I remember a specific afternoon where Claire finally finished her typeface. She called it ‘Respite.’ It was open, airy, and incredibly easy on the eyes. She told me she designed the most difficult characters-the ‘s’ and the ‘z’-while sitting in a park eating a full sandwich with actual gluten. She wasn’t tracking her heart rate. She wasn’t checking her steps. She was just a human being with enough glucose in her brain to function. That, to me, is the pinnacle of wellness. It isn’t the ability to run a marathon on a stomach full of celery juice; it’s the ability to create something beautiful because you aren’t too tired to think.
Paradox:
You are allowed to be tired, but you shouldn’t be tired because you are trying so hard to be healthy. If your lifestyle is a burden, it isn’t a healthy lifestyle. It’s just a different kind of illness.
The Path to Flexibility
I’ve made 3 specific mistakes this week in my pursuit of balance. First, I tried to meditate while hungry, which just resulted in me visualizing a giant pizza descending from the heavens. Second, I told a friend that I was ‘too busy for a walk’ because I had to finish my ‘mobility routine.’ The absurdity of that statement hit me about 13 minutes after I said it. Third, I bought a supplement that promised to ‘unlock my inner fire,’ only to realize it was just $73 worth of caffeine and marketing. We are all learning. We are all trying to navigate this weird space where we want to feel good but are constantly sold a version of ‘feeling good’ that feels terrible.
Mistake 1 (Hunger)
Mistake 2 (Absurdity)
Mistake 3 (Caffeine)
So, maybe stop. Just for 43 seconds. Don’t check your pulse. Don’t think about your macros. Don’t wonder if the seat you’re sitting in is ergonomic. Just notice the weight of your body. If it feels heavy, ask why. Is it heavy because you’ve lived a big, full day? Or is it heavy because you’ve spent the whole day starving it of what it actually desires? The body is not a project to be completed. It is the vessel through which you experience the only life you get. It deserves to be fueled, not just managed. It deserves to be listened to, even when it’s saying things that don’t fit into a 12-week transformation plan.

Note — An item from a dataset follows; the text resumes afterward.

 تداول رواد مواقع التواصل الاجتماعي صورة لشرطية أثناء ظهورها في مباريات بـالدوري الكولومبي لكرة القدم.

Claire R. is currently working on a new project. It’s a bold, heavy-weight font. She says she has the energy for ‘heavy’ things now because she stopped trying to be so ‘light.’ There is a profound lesson in that. When we stop trying to disappear, we finally have the substance to make an impact. We find the energy to speak up, to build, and to exist without the constant hum of biological anxiety.

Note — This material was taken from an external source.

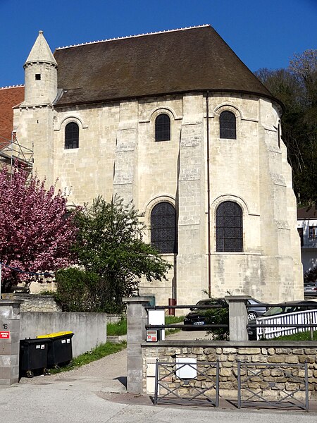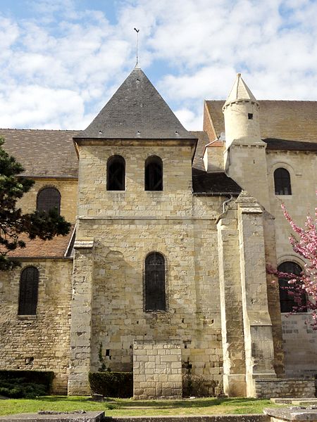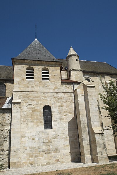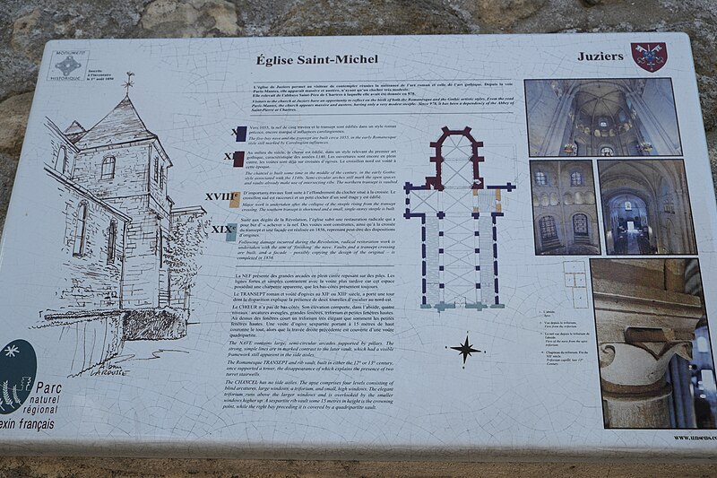 L'église Saint-Michel est une église paroissiale catholique située à Juziers, dans les Yvelines, sur la rive droite de la Seine. Ses origines remontent au Xe siècle et l'édifice dépendait sous l'Ancien Régime de l'abbaye Saint-Père-en-Vallée de Chartres, qui établit un prieuré au nord de l'église du XIe siècle jusqu'à la fin du XVIIe siècle. La dédicace à saint Michel date de 1700 ; auparavant, l'église était placée sous le vocable de saint Pierre. Dans sa configuration actuelle, l'édifice comprend une nef basilicale austère du milieu du XIe siècle, un transept contemporain et un chœur daté du troisième quart du XIIe siècle. Les parties les plus anciennes présentent une grande valeur archéologique, mais elles ont été altérées par des interventions au XIXe siècle. En 1753, l'effondrement du clocher central provoqua d'importants dégâts au transept et entraîna la démolition partielle puis la reconstruction réduite du croisillon sud. Classée monument historique par avis du 1er août 1850 grâce à l'intervention de Prosper Mérimée, l'église fit l'objet d'une restauration intégrale menée ensuite par les architectes Pierre-Joseph Garrez puis Antoine Isidore Eugène Godebœuf. Ces travaux du XIXe siècle ont notamment voûté en ogives la nef et la croisée du transept dans un style néo-gothique, ce qui a diminué l'authenticité de certaines élévations extérieures et de l'intérieur. Le chœur, quant à lui, n'a pas été remanié depuis sa construction et constitue un témoignage précieux des débuts de l'architecture gothique. Située rue de l'Église, la paroisse occupe une place engazonnée plantée d'arbres ; le chevet et l'élévation nord sont partiellement enclavés dans des propriétés privées et le cimetière actuel se trouve de l'autre côté de la RD 190. L'église présente un plan en croix : une nef de cinq travées flanquée de bas-côtés, un transept aux bras inégaux — le nord débordant et le sud abritant le clocher provisoire — et un chœur de deux travées avec abside en hémicycle intérieure et pans extérieurs. Une tourelle d'escalier, contemporaine du chœur, occupe l'angle sud de la première travée et dessert aujourd'hui les combles ; la sacristie proprement dite est remplacée par l'aménagement de la première travée du bas-côté sud. La nef, à deux niveaux d'élévation, est recouverte de fausses voûtes d'ogives en bois plâtré du XIXe siècle, tandis que les bas-côtés conservent des plafonds plats en bois. L'intérieur se caractérise par la simplicité et la justesse des proportions : grandes arcades en plein cintre, colonnes rectangulaires à arêtes vives et fenêtres hautes plus larges qu'à la période romane ancienne, aboutissant à une lisibilité visuelle qui attire le regard vers le chœur. La croisée du transept conserve un arc-doubleau en plein cintre d'origine et des piliers engagés formant des supports cruciformes ; le croisillon nord, voûté d'ogives après le milieu du XIIe siècle, présente des culs-de-lampe sculptés et une clé de voûte à décor végétal. Le chœur se distingue par un ordonnancement inhabituel des élévations : un triforium précoce mais étroit, des arcatures plaquées et des proportions où le premier niveau occupe une large part de la hauteur, le tout associé à une sculpture de chapiteaux soignée. Les tailloirs, les ogives et les formerets montrent des profils caractéristiques de la transition entre roman et gothique, avec des clés de voûte en forme de petites rosaces et des bases en grande partie refaites. Extérieurement, l'édifice est bâti en calcaire local avec des appareillages variés ; le chœur, soigneusement appareillé, conserve des contreforts saillants et une corniche du XIIe siècle ornée de corbeaux et de motifs sculptés. La façade occidentale, remaniée après 1850, a perdu une partie de son caractère ancien : le portail et le tympan ont été fortement refaits et des modifications ont été apportées aux ouvertures hautes du pignon. La tourelle d'escalier et le chœur restent en revanche authentiques et constituent l'élément le plus significatif de l'édifice pour l'étude des débuts du gothique dans la vallée de la Seine. Après les troubles révolutionnaires et la perte du mobilier — que Eugène Lefèvre-Pontalis jugea dépourvu d'objets anciens dignes d'attention — l'usage cultuel a repris progressivement et l'édifice dépend aujourd'hui du secteur pastoral de la rive droite de la Seine avec siège à Meulan. L'intérieur nécessite encore des travaux de conservation en raison de l'humidité et de mouvements de maçonnerie ; l'architecte en chef des monuments historiques a proposé une programmation en plusieurs tranches qui reste à financer. L'église accueille des offices réguliers : des messes dominicales anticipées sont célébrées un samedi sur deux à 18 h 30, en alternance avec la paroisse de Vaux-sur-Seine.

I caught myself talking to myself again. This time, I was just saying, ‘You’re doing okay.’ And for the first time in 13 days, I actually believed it. The cursor is still blinking, but I’m not staring at it with dread. I’m going to go eat something that didn’t come out of a blender, and then I’m going to do absolutely nothing for 23 minutes. Not for ‘recovery.’ Not for ‘wellness.’ Just because I can.
What would your life look like if your health routine actually gave you back your time instead of stealing it?
– The antidote to burnout is not better management, but deeper allowance.